PROBLEM STATEMENT: Give back the lines below exactly, but do not include any pictures.

RAW DATA:
* * * * * * *

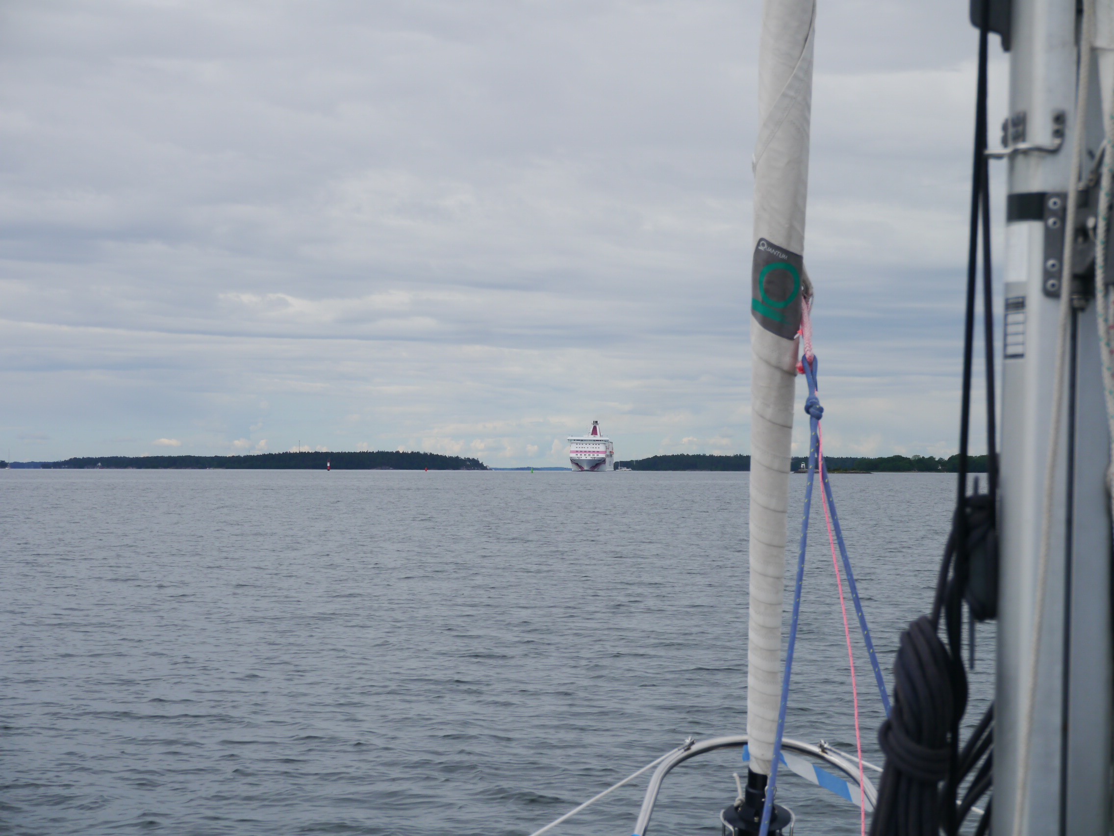 05.07. Finnhamn Paradies Bucht – Nach zwei Nächten in Kapellskär fahren wir weiter nach Finnhamn. Unser Buch beschreibt hier eine Bucht, die tatsächlich auch so heißt: Paradiset !! Da die Wetterlage im Augenblick alles andere als stabil ist, vertagen wir erstmal unser Vorhaben, auf die Außenschären zu fahren. Zur Paradies Bucht segeln wir mal gemütlich, da in Landabdeckung, dann, auf offenen Stellen, recht zügig. Die Landschaft ist sehr abwechslungsreich und traumhaft schön. Dann donnert es gewaltig und Blitze zucken am Himmel. Wir bergen die Segel und ziehen uns wasserdicht an 😤. Es regnet, aber zum Glück nicht lange. In der rundherum sehr gut geschützten Paradies Bucht ankern wir. Allein die Zufahrt zu dieser Bucht ist schon ein Paradies. Kein Haus, nur Wald und vom Eis blankpolierte Felsen. Heute gibt es Dose. Wir haben davon ein paar an Bord…die müssen auch gegessen werden. Am nächsten Tag erkunden wir die Insel. Wir sind natürlich nicht alleine in der Bucht. Es gibt hier die Möglichkeit an Felsen festzumachen und auch an einem kleinen Gästesteg mit Heckbojen. Gegen Abend studieren wir den Wetterbericht…Och nö 😐 schon wieder Sturmwarnung, diesmal 40 Knoten Wind und Regen für Freitag. Da wir überhaupt keine Lust haben bei Sturm und Regen mit dem Gassibötchen an Land zu tuckern, zumal der Außenbordmotor manchmal keine Lust hat und nicht anspringt, verholen wir uns an den Gästesteg. Dann mache ich einen Kartoffelsalat, dazu gibt es Grillfleisch aus der Pfanne. Morgens um fünf geht es dann los. Unser Boot wird hin und her geweht und ruckt so heftig in die Leinen ein, sodass wir meinen, wir sind irgendwo gegengestoßen. Auf den anderen Schiffen sind auch alle wach. Leinen werden zusätzlich ausgebracht, die Ankerlieger gehen auf Drift und müssen erneut ankern. So geht es den ganzen Tag und es regnet in Strömen. Eine kurze Regenpause um zehn nutzt Hajo schnell für die Gassirunde. Nach dem Frühstück ziehen wir uns mit einem guten Buch wieder in die Koje zurück, da es auch empfindlich abgekühlt hat. Erst gegen Abend lassen Wind und Regen nach und wir können endlich eine längere Runde spazieren gehen 😅. Nach diesem Kojengammeltag habe ich gar keine Lust zu kochen…doch mein Kapitän ist da ganz anderer Meinung! Also mache ich das, was weg muß: Kartoffeln, Paprika und Creme fraiche (läuft heute ab) ergibt einen Kartoffelauflauf. Der Kapitän ist zufrieden und somit Frauchen auch.
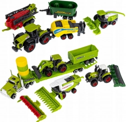 Sunt incluse diferite tipuri de tractoare, combină cu adaptor detașabil, remorci și suprastructuri pentru scenarii de joc variate. Figurinele de animale domestice completează atmosfera realistă și susțin crearea propriilor povești.
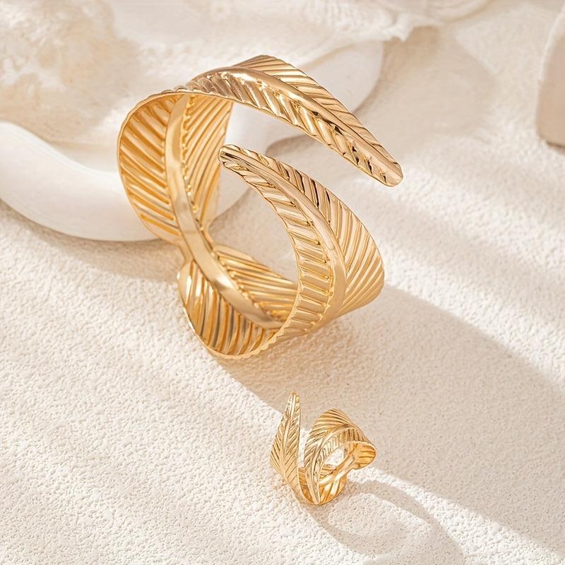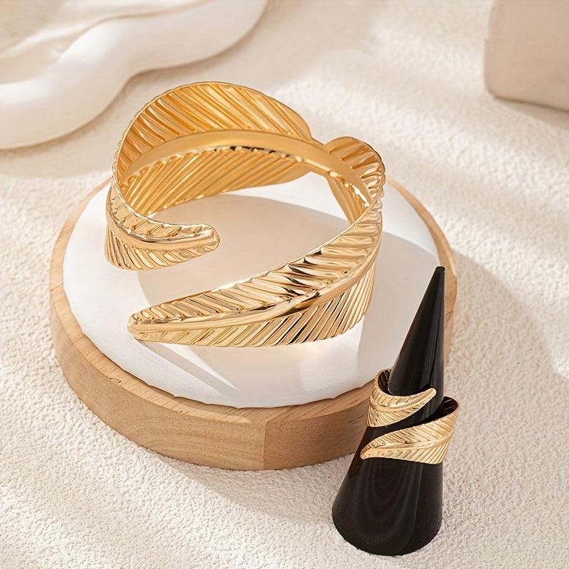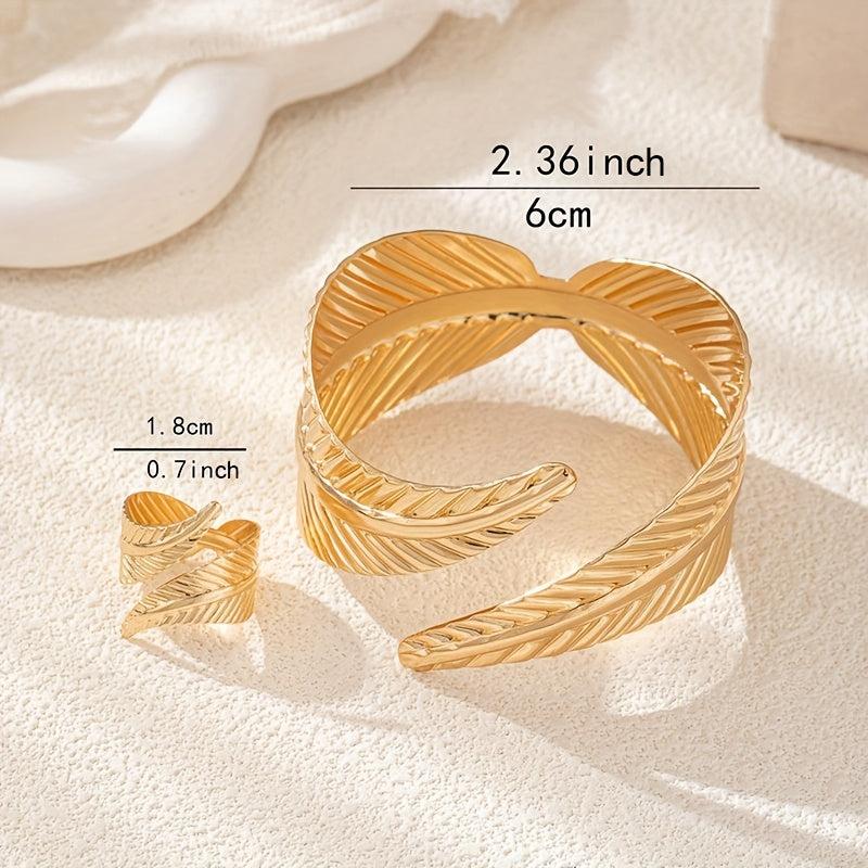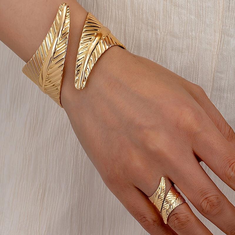Elevate your style with these bohemian leaf bangle set featuring an adjustable design and dangling charms. Perfect for daily wear, vacation, and parties.

* * * * * * *

ANSWER SECTION:
 05.07. Finnhamn Paradies Bucht – Nach zwei Nächten in Kapellskär fahren wir weiter nach Finnhamn. Unser Buch beschreibt hier eine Bucht, die tatsächlich auch so heißt: Paradiset !! Da die Wetterlage im Augenblick alles andere als stabil ist, vertagen wir erstmal unser Vorhaben, auf die Außenschären zu fahren. Zur Paradies Bucht segeln wir mal gemütlich, da in Landabdeckung, dann, auf offenen Stellen, recht zügig. Die Landschaft ist sehr abwechslungsreich und traumhaft schön. Dann donnert es gewaltig und Blitze zucken am Himmel. Wir bergen die Segel und ziehen uns wasserdicht an 😤. Es regnet, aber zum Glück nicht lange. In der rundherum sehr gut geschützten Paradies Bucht ankern wir. Allein die Zufahrt zu dieser Bucht ist schon ein Paradies. Kein Haus, nur Wald und vom Eis blankpolierte Felsen. Heute gibt es Dose. Wir haben davon ein paar an Bord…die müssen auch gegessen werden. Am nächsten Tag erkunden wir die Insel. Wir sind natürlich nicht alleine in der Bucht. Es gibt hier die Möglichkeit an Felsen festzumachen und auch an einem kleinen Gästesteg mit Heckbojen. Gegen Abend studieren wir den Wetterbericht…Och nö 😐 schon wieder Sturmwarnung, diesmal 40 Knoten Wind und Regen für Freitag. Da wir überhaupt keine Lust haben bei Sturm und Regen mit dem Gassibötchen an Land zu tuckern, zumal der Außenbordmotor manchmal keine Lust hat und nicht anspringt, verholen wir uns an den Gästesteg. Dann mache ich einen Kartoffelsalat, dazu gibt es Grillfleisch aus der Pfanne. Morgens um fünf geht es dann los. Unser Boot wird hin und her geweht und ruckt so heftig in die Leinen ein, sodass wir meinen, wir sind irgendwo gegengestoßen. Auf den anderen Schiffen sind auch alle wach. Leinen werden zusätzlich ausgebracht, die Ankerlieger gehen auf Drift und müssen erneut ankern. So geht es den ganzen Tag und es regnet in Strömen. Eine kurze Regenpause um zehn nutzt Hajo schnell für die Gassirunde. Nach dem Frühstück ziehen wir uns mit einem guten Buch wieder in die Koje zurück, da es auch empfindlich abgekühlt hat. Erst gegen Abend lassen Wind und Regen nach und wir können endlich eine längere Runde spazieren gehen 😅. Nach diesem Kojengammeltag habe ich gar keine Lust zu kochen…doch mein Kapitän ist da ganz anderer Meinung! Also mache ich das, was weg muß: Kartoffeln, Paprika und Creme fraiche (läuft heute ab) ergibt einen Kartoffelauflauf. Der Kapitän ist zufrieden und somit Frauchen auch.
 Sunt incluse diferite tipuri de tractoare, combină cu adaptor detașabil, remorci și suprastructuri pentru scenarii de joc variate. Figurinele de animale domestice completează atmosfera realistă și susțin crearea propriilor povești.
Elevate your style with these bohemian leaf bangle set featuring an adjustable design and dangling charms. Perfect for daily wear, vacation, and parties.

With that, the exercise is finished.